Final Thoughts: Best Practices for Keyword Research & Targeting

The practice of keyword research seems straightforward at first – type a few relevant terms into a tool, get some results, target the good ones on your site, and watch the traffic roll in. In practice, however, the intricacies of every portion of this process make it invaluable to know the ins and outs of keyword search marketing. A few of the most important takeaways from this document include:

Keyword Tools Provide Relative Numbers, not Accurate Predictions
Be wary of using the keyword tools to forecast exactly how much traffic will come to your website. The vast differences in the estimations provided and the disparity of sources can mean that even the highest rankings won't bring in the level of visitors predicted (or that the predictions will be dwarfed by reality). Use the tools to determine which terms and phrases are more popular than another, but don't trust anything but real numbers garnered through test campaign experience to predict real volume.

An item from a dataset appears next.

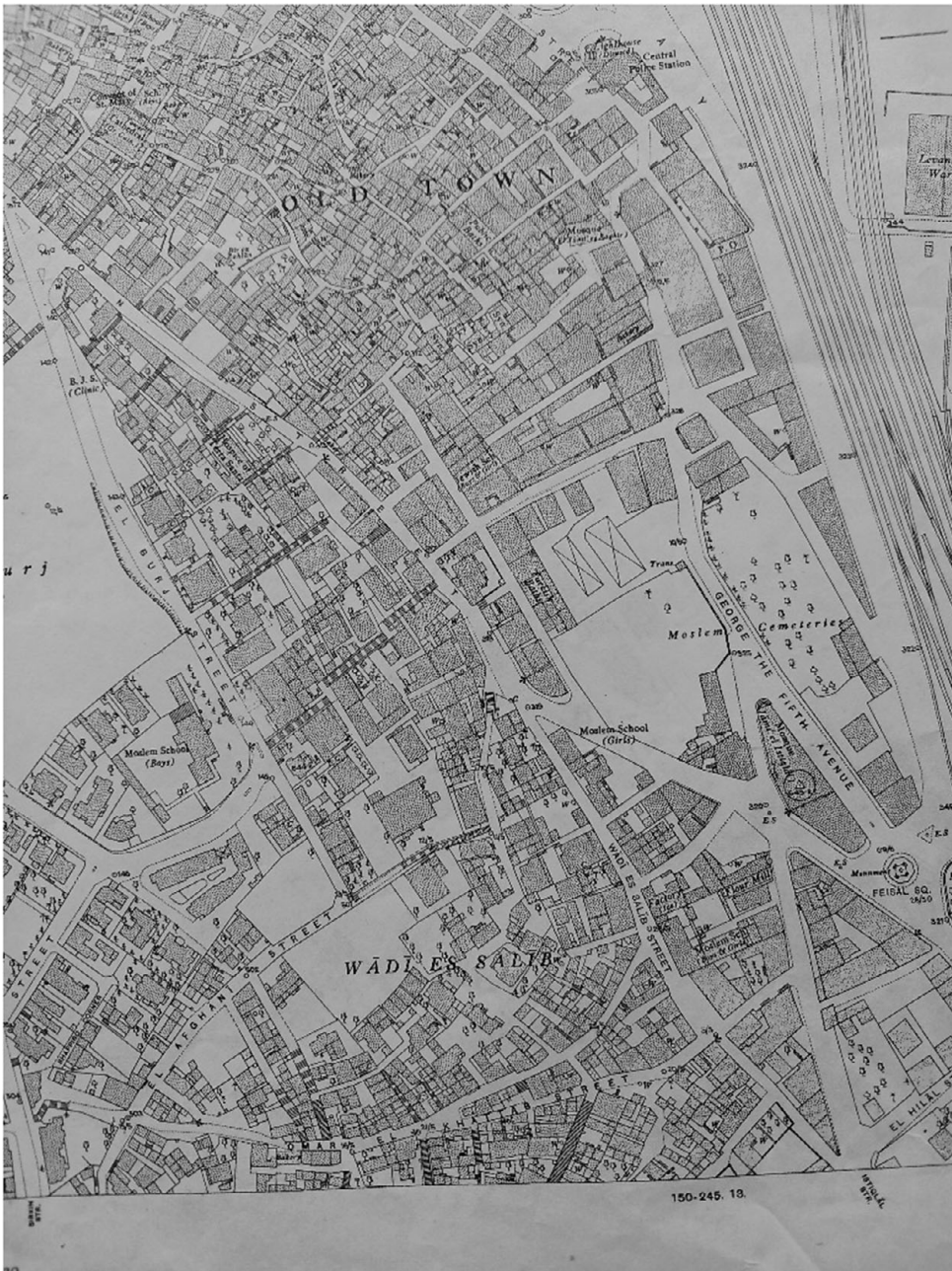
Figure 1. Map of Wadi Salib and the Old City (Harat al-Yahud is the area around the synagogues marked within the Old City).

the focal point of the Jewish population shifted to the area around Hashomer Street, to the east of Wadi Salib.

Brainstorm Terms Cautiously
Remember to think about the value of a visitor who's come to your site via the term or phrase you target. The more specific the query, the higher the chance of conversion, so don't rule out less voluminous searches. The keyword tools can be great sources of brainstorming material, but they all require a solid starting point, and it's up to you to know enough about your industry to determine what keyword niches will provide value.
Keyword Targeting
Title tags, URLs, headlines, and text content are all good places to put your important terms, but beware of stuffing or spamming – the engines may penalize your site. It's also wise to remember that anchor text can have a huge impact on rankings – make sure to include keyword in anchor text when relevant.
The Long Tail
Oftentimes, the greatest amount of value in search referrals comes from the “long tail” of rarely-searched, low volume keywords. You can attract these visitors by writing consistently fresh, updated content on your site in the form of a blog, wiki, article list, newsletter, or even user-generated content.
Keyword Cannibalization
A common problem in keyword targeting is to attempt to attract the same search terms on many different pages on a site. While occasionally targeting the same keywords on a couple pages is unavoidable, be wary of using the same terms on every page's title tag and header. Instead, write more detailed pieces to target long tail terms and link back to the high-level, targeted page with the proper anchor text.